Другие считают, что освобождение от уголовной ответственности представляет собой неприменение в отношении лица, виновного в совершении общественно опасного деяния, негативных правовых последствий, предусмотренных законом за его совершение, в силу отпадения или существенного снижения общественной опасности преступного деяния или лица, его осуществившего [69, с. 50].

Третьи отмечают, что освобождение от уголовной ответственности — это выраженный в соответствующем процессуальном акте безусловный отказ или воздержание (условный отказ) государства в лице уполномоченных на то органов от официального признания лица виновным в совершении преступления, и как следствие этого от его осуждения и наказания, если такое лицо нецелесообразно, по мнению законодателя, привлекать к уголовной ответственности в случаях, прямо предусмотренных уголовным законом [97, с. 72; 98, с. 143]. Сложно не возразить на высказывание автора о том, что освобождение от уголовной ответственности является отказом или воздержанием от признания лица виновным в совершении преступления. В ходе анализа института освобождения от уголовной ответственности нами было отмечено, что освобождение от уголовной ответственности предполагает наличие признака противоправности и даже преступности совершенного деяния, но при этом имеются не реабилитирующие обстоятельства, которые делают целесообразным освобождение лица от правовых последствий признания деяния преступным.

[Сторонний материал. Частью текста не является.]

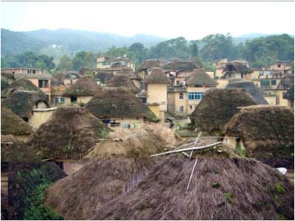 哈尼族一個(gè)核心的家庭的一幢完整的磨菇房,包括正房、左右?guī)俊⑼ピ汉蛧鷫Φ葦?shù)個(gè)建筑單元,家中配有腳碓、石磨、水缸、織機(jī)、藍(lán)靛染缸、犁、耙、刀、斧、鋤、籮和火塘等生產(chǎn)生活設(shè)施,滿足作為社會(huì)生產(chǎn)和生活單位的家庭的諸多需求。若干家庭的磨菇房逐次排列,就逐漸變成了一個(gè)哈尼族山寨的磨菇房群落。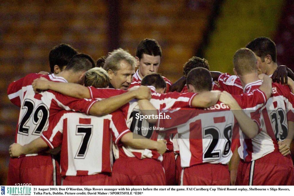 21 August 2003; Don O'Riordan, Sligo Rovers manager with his players before the FAI Carlsberg Cup Third Round replay between Shelbourne and Sligo Rovers at Tolka Park, Dublin. Picture credit; David Maher / SPORTSFILE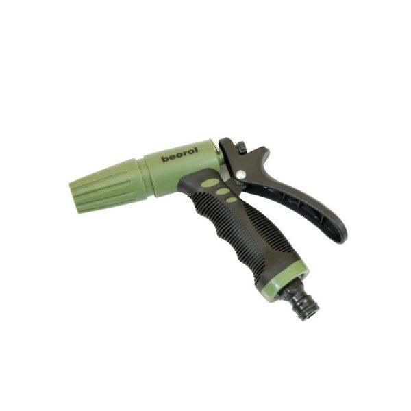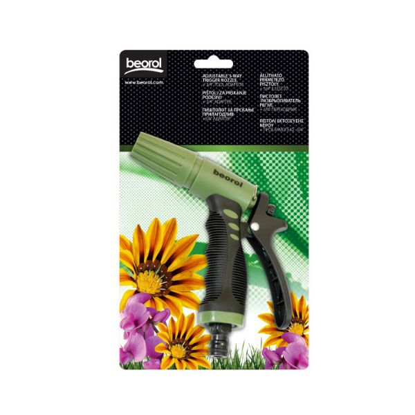 Pištolj za prskanje podesivi sa adapterom od 3/4″. Telo napravljeno od kvalitetne ABS plastike, visoko otporno na udarce i padove. Poseduje metalnu zaštićenu ploču za kontrolu mlaza. Radi lakšeg i udobnijeg rada, rukohvat je gumiran i ergonomski oblikovan. Pištolj ima više režima rada radi boljeg prilagođavanja prskanja poslu koji se obavlja i površini koja se prska.

Интересное определение освобождения от уголовной ответственности дает В. В. Сверчков: «Освобождением от уголовной ответственности признается условное или безусловное прекращение удержания лица, совершившего предусмотренное уголовным законом деяние, в сфере уголовного производства в связи с решением государства в лице компетентных органов о нецелесообразности назначения этому лицу мер уголовного наказания» [99].

На наш взгляд, под освобождением от уголовной ответственности следует понимать, прежде всего, прекращение уполномоченным органом уголовно-правовых отношений в виде уголовной ответственности как последствия совершенного преступного деяния в связи с прямо предусмотренными законодательством обстоятельствами, которые делают применение уголовной ответственности к лицу не эффективным или не целесообразным.

 

1.3  Исторический и сравнительно-правовой аспекты института освобождения от уголовной ответственности

 

Прекращение уголовных дел по нереабилитирующим основаниям до суда не является новым институтом уголовного права. Такой вид освобождения известен с давних времен и характерен для уголовного законодательства большинства государств.

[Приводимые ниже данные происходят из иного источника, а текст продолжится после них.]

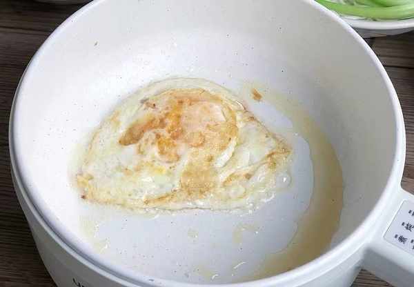1、首先来准备一个荷包蛋,烧热的锅里淋一点油,把鸡蛋打进去,中火煎熟。也可以做成水煮的。
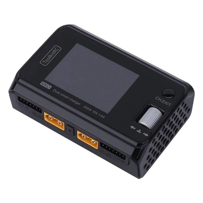 This is the new ToolkitRC M6D dual-port 500W charger, a great way to charge multiple batteries without the risk of using a parallel charging board.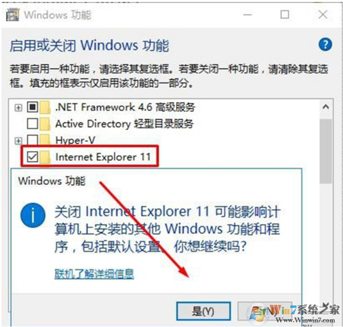3、將【internet Explorer 11】的勾去掉,在彈出的提示框中點擊【確定】- 【確定】,耐心等待后系統(tǒng)便會將ie卸載;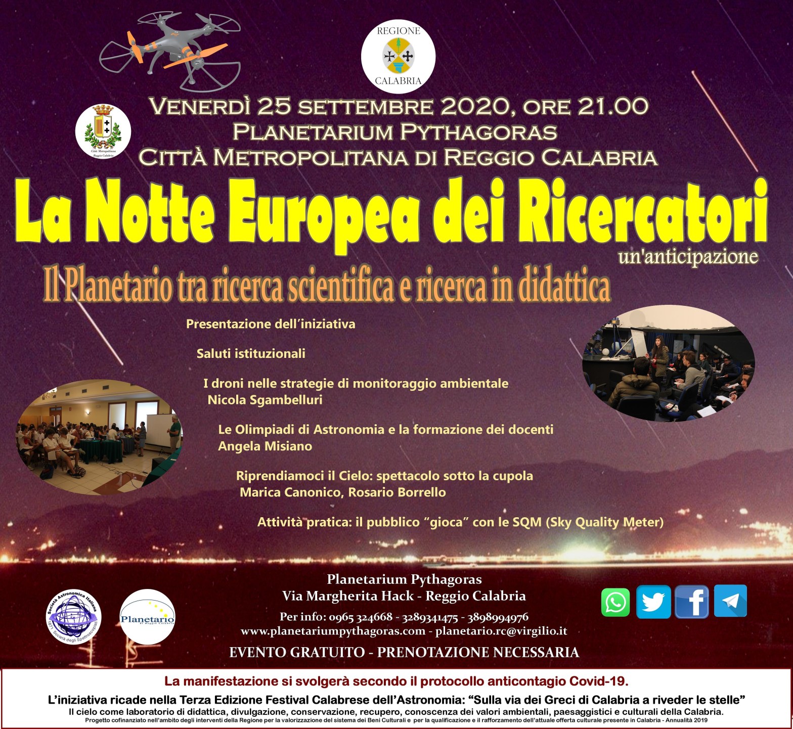 Planetarium Pythagoras di Reggio Calabria Venerdì 25 Settembre 2020, dalle ore 21.00LA NOTTE EUROPEA DEI RICERCATORI 2020

Для того, чтобы составить конкретное представление по вопросу, являющемуся предметом нашего рассмотрения, целесообразно кратко остановиться на исторических аспектах института уголовной ответственности.

Обращаясь к уголовному обычному праву казахов нужно отметить специфику уголовно- правовых отношений в различные периоды.

Сложно говорить о наличии уголовно-правовых отношений и научно обоснованных уголовно-правовых институтов фактически до XIX в. Существовал суд биев, который разрешал дела, привлекая виновных к ответственности и освобождая их от наказания, на основе традиций в конкретном обществе в зависимости от политической обстановки, общественных отношений и т. п. Бии, при вынесении решений основывались на Жети Жаргы (Семь уложений) Тауке-хана, однако практика в различных регионах расселения казахов не была однообразной. Поэтому говорить об определенных правовых закономерностях, тем более в отношении института освобождения от уголовной ответственности, нам представляется не целесообразным. Тем более что уголовная политика в этот период носила карательный характер.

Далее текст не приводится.